Task statement:
The span to repeat in the listing below runs from the line containing "Para comenzar metemos" to the line containing "Claudipia looks confused", inclusive. Repeat it exactly, and only it.

Data for this task:
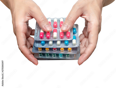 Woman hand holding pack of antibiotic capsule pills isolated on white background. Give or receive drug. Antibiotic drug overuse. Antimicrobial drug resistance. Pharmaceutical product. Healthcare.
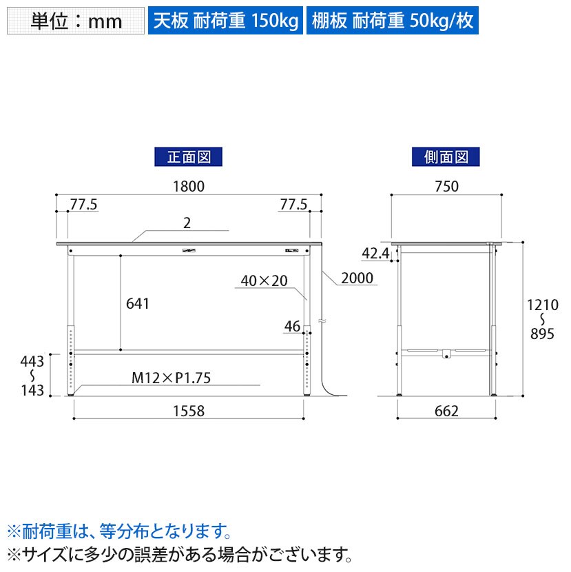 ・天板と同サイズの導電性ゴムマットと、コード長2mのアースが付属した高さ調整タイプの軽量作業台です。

==

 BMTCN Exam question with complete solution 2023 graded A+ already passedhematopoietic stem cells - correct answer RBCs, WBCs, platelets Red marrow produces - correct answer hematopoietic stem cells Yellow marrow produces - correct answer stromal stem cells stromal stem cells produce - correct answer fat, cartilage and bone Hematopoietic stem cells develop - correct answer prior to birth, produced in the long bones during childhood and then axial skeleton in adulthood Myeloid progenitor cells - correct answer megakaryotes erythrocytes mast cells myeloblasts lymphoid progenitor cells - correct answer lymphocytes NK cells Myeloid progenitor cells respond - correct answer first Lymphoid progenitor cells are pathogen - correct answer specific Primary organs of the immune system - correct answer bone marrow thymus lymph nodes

* * *

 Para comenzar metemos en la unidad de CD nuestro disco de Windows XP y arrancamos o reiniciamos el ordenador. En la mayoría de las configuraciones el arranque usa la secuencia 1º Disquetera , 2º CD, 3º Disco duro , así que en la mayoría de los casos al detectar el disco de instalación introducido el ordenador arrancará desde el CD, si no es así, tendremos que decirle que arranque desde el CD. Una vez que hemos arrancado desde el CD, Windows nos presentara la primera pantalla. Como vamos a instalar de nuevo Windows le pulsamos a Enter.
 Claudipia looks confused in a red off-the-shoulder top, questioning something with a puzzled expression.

Response box:
 Para comenzar metemos en la unidad de CD nuestro disco de Windows XP y arrancamos o reiniciamos el ordenador. En la mayoría de las configuraciones el arranque usa la secuencia 1º Disquetera , 2º CD, 3º Disco duro , así que en la mayoría de los casos al detectar el disco de instalación introducido el ordenador arrancará desde el CD, si no es así, tendremos que decirle que arranque desde el CD. Una vez que hemos arrancado desde el CD, Windows nos presentara la primera pantalla. Como vamos a instalar de nuevo Windows le pulsamos a Enter.
 Claudipia looks confused in a red off-the-shoulder top, questioning something with a puzzled expression.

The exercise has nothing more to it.